◆ TASK PROMPT
Copy, word for word, the lines of the listing below from the line with "得力(deli)58167铅" up to and including the line with "एससीईडी ने आईएसओ9001, आईएसओ14001". Drop the pictures.

◆ EXTRACTED INFORMATION
Segment Open
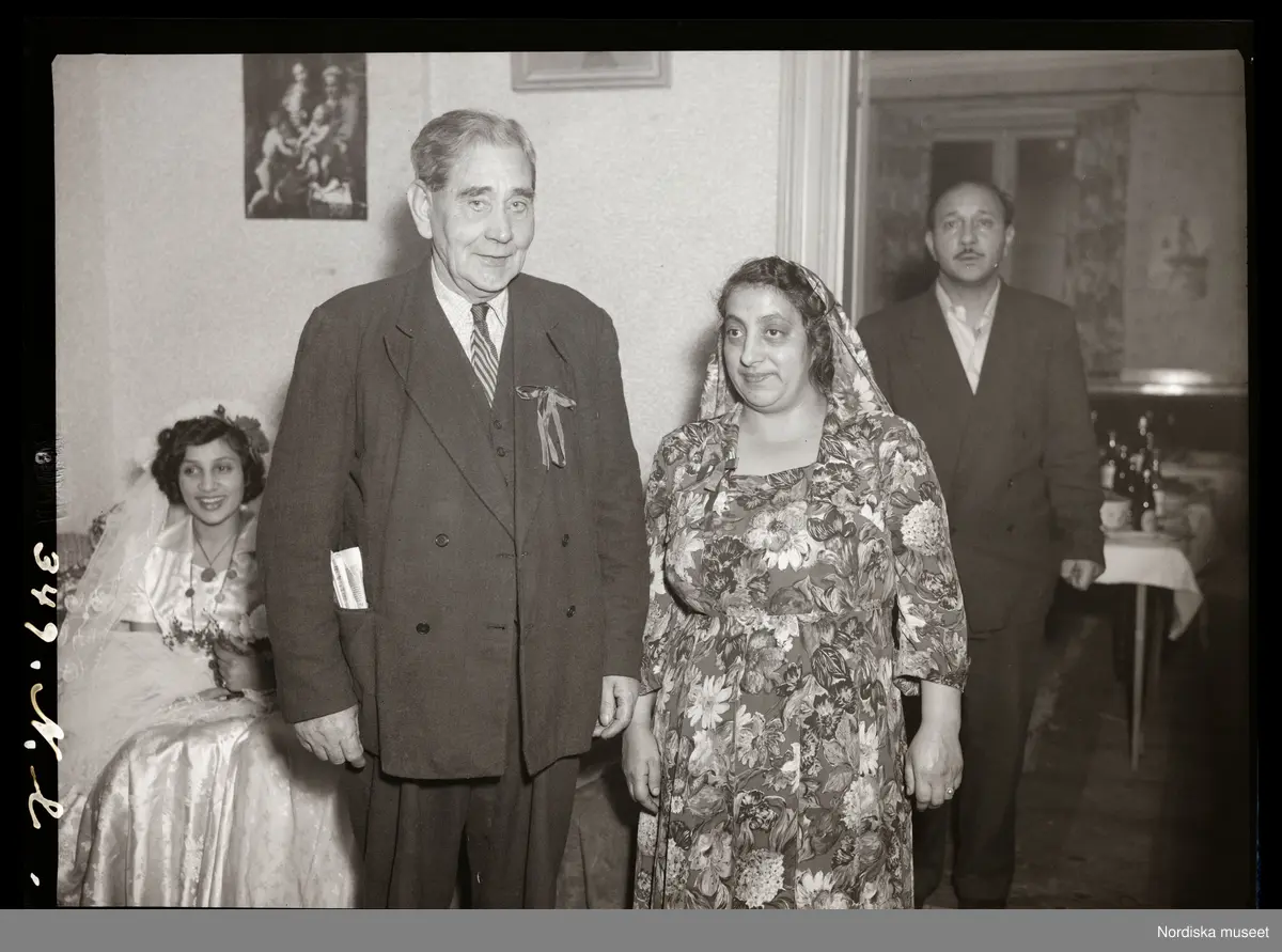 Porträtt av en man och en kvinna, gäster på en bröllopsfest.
Segment Closed
Segment Open
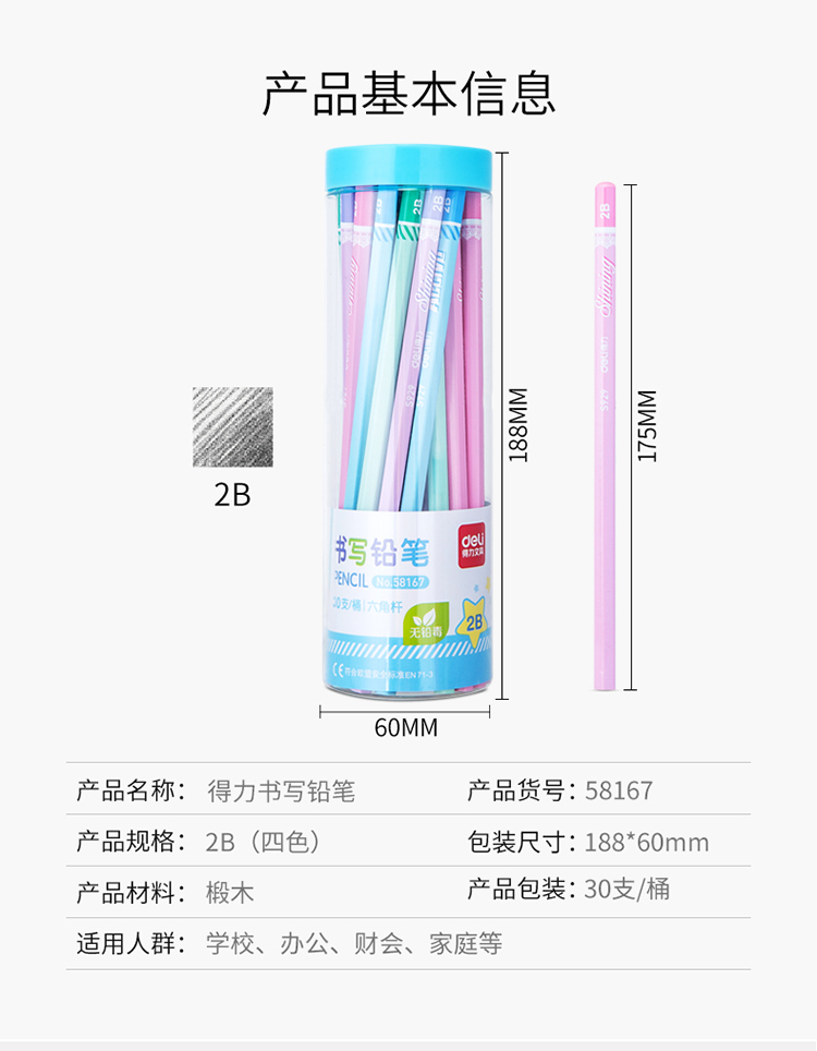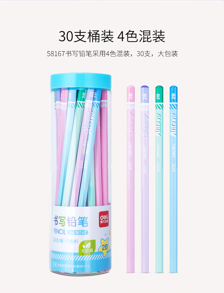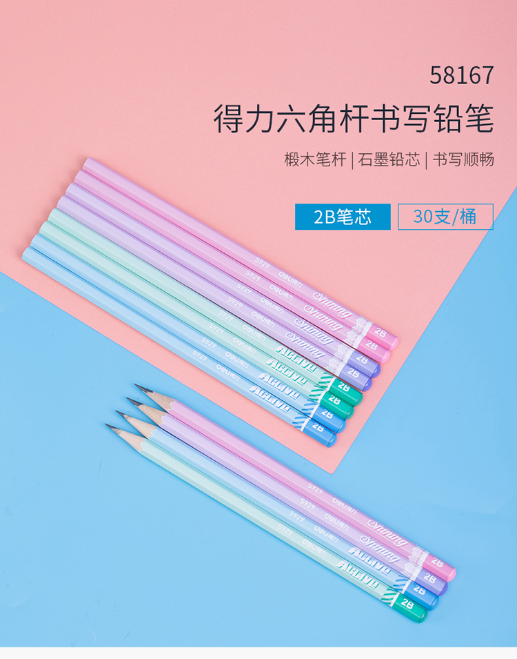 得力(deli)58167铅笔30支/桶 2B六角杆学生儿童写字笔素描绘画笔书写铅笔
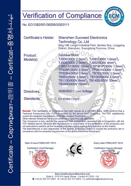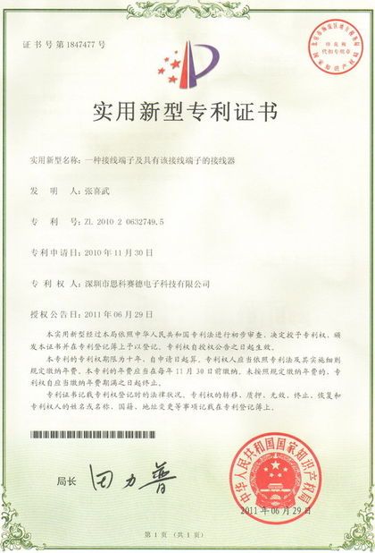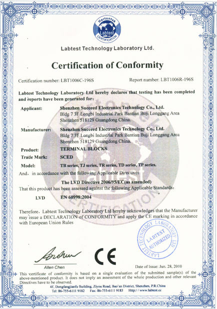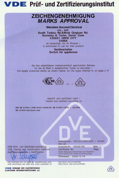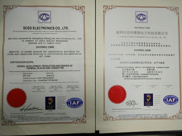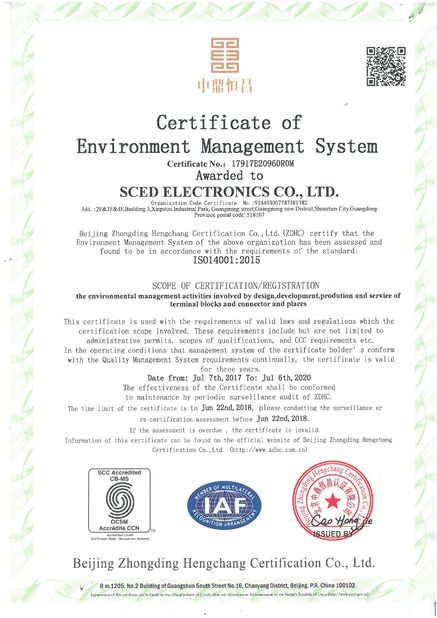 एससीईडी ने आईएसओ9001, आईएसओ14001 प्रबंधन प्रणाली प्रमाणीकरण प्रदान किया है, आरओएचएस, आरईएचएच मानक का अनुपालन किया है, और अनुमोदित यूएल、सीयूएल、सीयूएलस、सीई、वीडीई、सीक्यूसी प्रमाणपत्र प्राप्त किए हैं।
Segment Closed
◆ EXERCISE RESPONSE
 得力(deli)58167铅笔30支/桶 2B六角杆学生儿童写字笔素描绘画笔书写铅笔
 एससीईडी ने आईएसओ9001, आईएसओ14001 प्रबंधन प्रणाली प्रमाणीकरण प्रदान किया है, आरओएचएस, आरईएचएच मानक का अनुपालन किया है, और अनुमोदित यूएल、सीयूएल、सीयूएलस、सीई、वीडीई、सीक्यूसी प्रमाणपत्र प्राप्त किए हैं।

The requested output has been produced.